On the contrary, if it's longer than 5s :

time="2022-07-11T14:39:04-07:00" level=info msg="start consuming"
time="2022-07-11T14:39:08-07:00" level=info msg="Sarama consumer up and running!..."
time="2022-07-11T14:39:08-07:00" level=info msg="handle: foo"
time="2022-07-11T14:39:08-07:00" level=info msg="handle: bar"

We need to add many unit tests of consumer group to our service, including the functionality of handler, and each topic has different ways of handling. Since there is no mock for the consumer group, we create a mock broker for each consumer for simplicity. However, due to this "5s", our unit tests for the consumer are ended up around 1 min in total to finish, which is quite long, comparing to the rest module in our services which took at most 1s.

Is there anyway to get a quick response from the consumer group, or is there anything I missed? I really appreciate your help. Thanks

Siyu-silvia commented 2 years ago

To add timer in log make it more straight forward:

time="2022-07-11T16:40:00-07:00" level=info msg="Start start at 2022-07-11 16:40:00.558992 -0700 PDT m=+0.005016313"
time="2022-07-11T16:40:00-07:00" level=info msg="start consuming"
time="2022-07-11T16:40:04-07:00" level=info msg="Sarama consumer up and running!..."
time="2022-07-11T16:40:04-07:00" level=info msg="Start consume at 2022-07-11 16:40:04.565406 -0700 PDT m=+4.011459949"
time="2022-07-11T16:40:04-07:00" level=info msg="handle: foo"
time="2022-07-11T16:40:04-07:00" level=info msg="handle: bar"
tuliogomesbarbosa commented 2 years ago

The same thing is happening here, several integration tests are hanging because of a slow consumer group stuck at loopCheckPartitionNumbers. I tried to configure saramaCfg.Metadata.RefreshFrequency = 30 * time.Second, no luck so far.

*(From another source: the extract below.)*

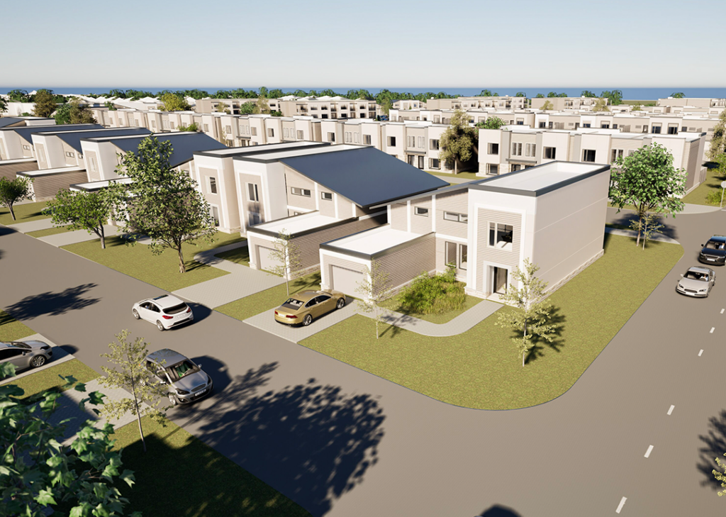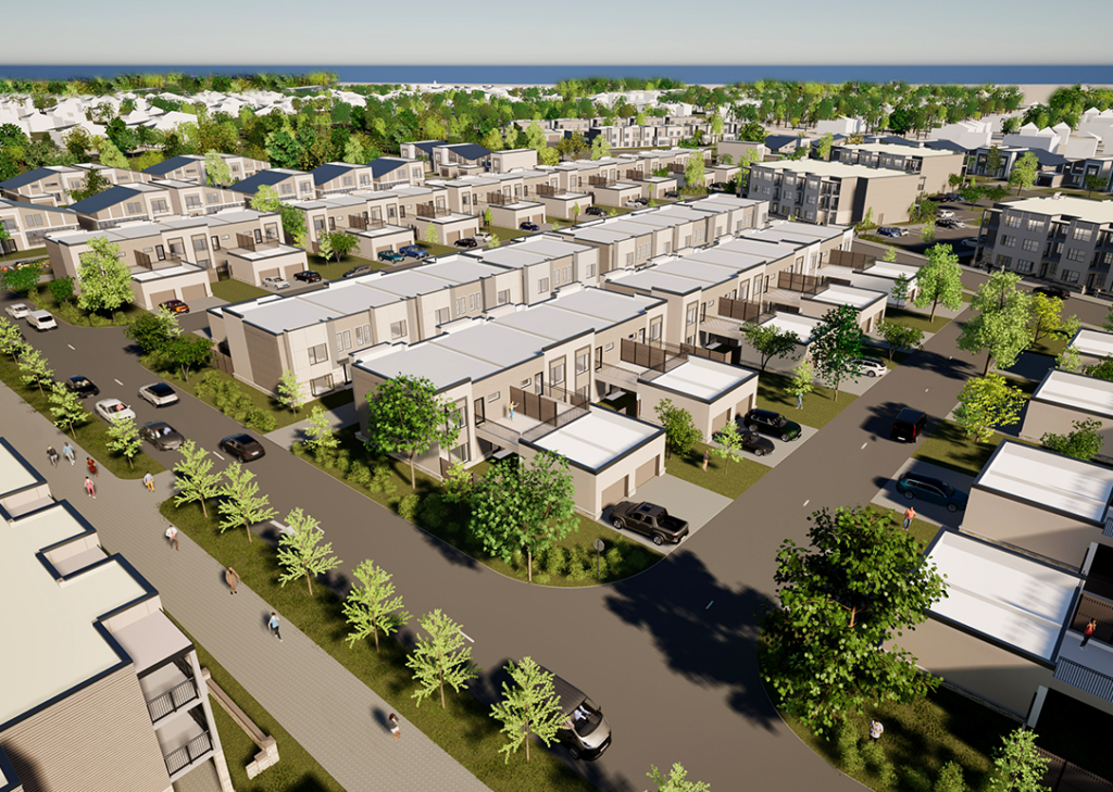 The project involves a master-planned residential community with single-family, semi-detached, townhouse, and rental apartments. It is centred around a mixed-use development containing a hotel and spa along with retail and bed-and-breakfast uses. The design is focused on a village-style theme with select nautical elements. Our scope involved working with a developer and engineering team and providing all architectural design for the entire development.

It just gets stuck so far indefinitely. If I insert a sleep of ~ 5 seconds, it passes.

Let me know if you need more data.

github-actions[bot] commented 1 year ago

Thank you for taking the time to raise this issue. However, it has not had any activity on it in the past 90 days and will be closed in 30 days if no updates occur. Please check if the main branch has already resolved the issue since it was raised. If you believe the issue is still valid and you would like input from the maintainers then please comment to ask for it to be reviewed.

dnwe commented 1 year ago

@tuliogomesbarbosa @Siyu-silvia are you still seeing this behaviour with modern Sarama versions? There were a bunch of fixes and improvements in this area of code over time.

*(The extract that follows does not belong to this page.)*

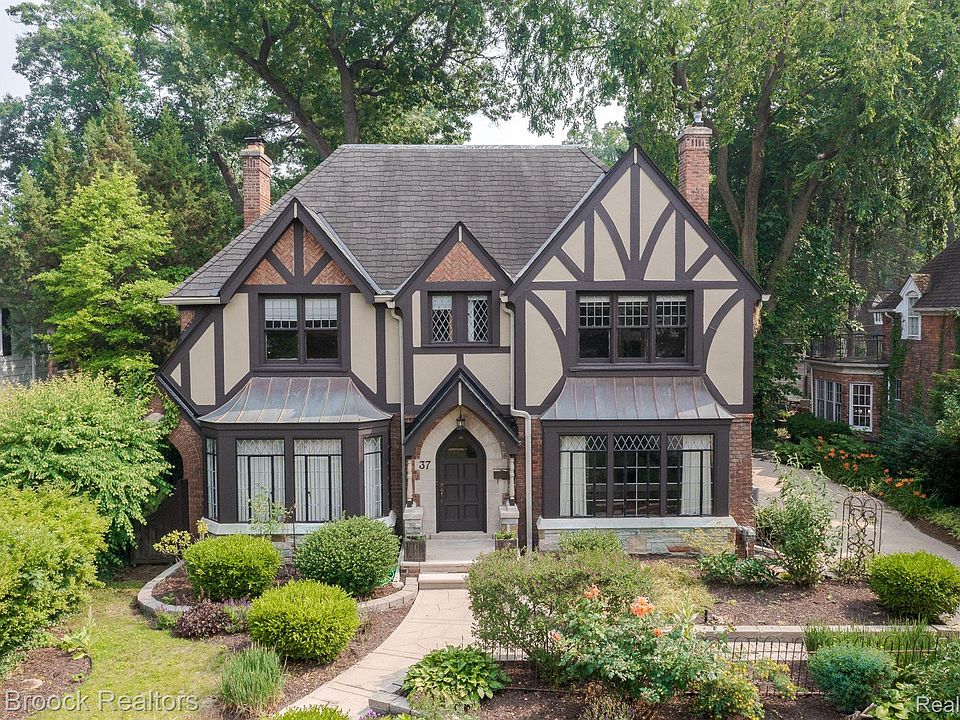 ***Highest and Best Thursday 7/13/23 @ 9 PM*** Welcome to this impressive Tudor home, located in the highly sought-after Pleasant Ridge neighborhood. As you step inside, you'll be captivated by the charm and character this historic residence offers. The striking leaded glass windows allow natural light to fill the rooms, creating a warm and inviting atmosphere. The main level features a spacious living room with a cozy fireplace, perfect for relaxing evenings. The foyer space adorned with Pewabic entry tiles adds to the character of the main floor.The formal dining room is ideal for hosting elegant dinner parties, while the sunroom provides a serene space to unwind and enjoy the views of the beautifully landscaped backyard. The kitchen boasts newer coffee-stained maple cabinets, a Viking stove, granite counters, and maple flooring, offering a delightful culinary experience. Adjacent to the kitchen is a breakfast room, providing a casual dining area for everyday meals. A convenient first-floor lavatory adds to the functionality of this level. Prepare to be amazed by the dramatic and wonderful stairwell, adorned with exquisite leaded windows, leading you to the upper floors. The fifth bedroom, originally designed as maids' quarters, offers versatility and can be utilized as a guest room or home office. The loft-style third floor is a unique space with skylights, allowing abundant natural light to pour in. This area presents an excellent opportunity for a studio, playroom, or additional bedroom. A recently renovated bathroom, along with a second-floor laundry and office space, cater to modern-day needs and provide convenience for everyday living. The newly refinished basement adds additional living space, complete with a full bath and ample storage options. The backyard is a haven of tranquility, enveloped by beautiful mature trees and lush greenery. The professional landscaping adds a touch of elegance to the already picturesque setting.

github-actions[bot] commented 10 months ago

Thank you for taking the time to raise this issue. However, it has not had any activity on it in the past 90 days and will be closed in 30 days if no updates occur. Please check if the main branch has already resolved the issue since it was raised. If you believe the issue is still valid and you would like input from the maintainers then please comment to ask for it to be reviewed.

yaron2 commented 9 months ago

@dnwe it looks like this is still happening: https://github.com/dapr/components-contrib/issues/3263

olitomlinson commented 9 months ago

@dnwe this is causing significant problems for us who use Dapr for Kafka PubSub

olitomlinson commented 9 months ago

@dnwe is this something that you are able to triage again?

github-actions[bot] commented 5 months ago

Thank you for taking the time to raise this issue. However, it has not had any activity on it in the past 90 days and will be closed in 30 days if no updates occur. Please check if the main branch has already resolved the issue since it was raised. If you believe the issue is still valid and you would like input from the maintainers then please comment to ask for it to be reviewed.

ParrySMS commented 5 months ago

@tuliogomesbarbosa @Siyu-silvia are you still seeing this behaviour with modern Sarama versions? There were a bunch of fixes and improvements in this area of code over time.

Hi, Could you please help to show the pull request links?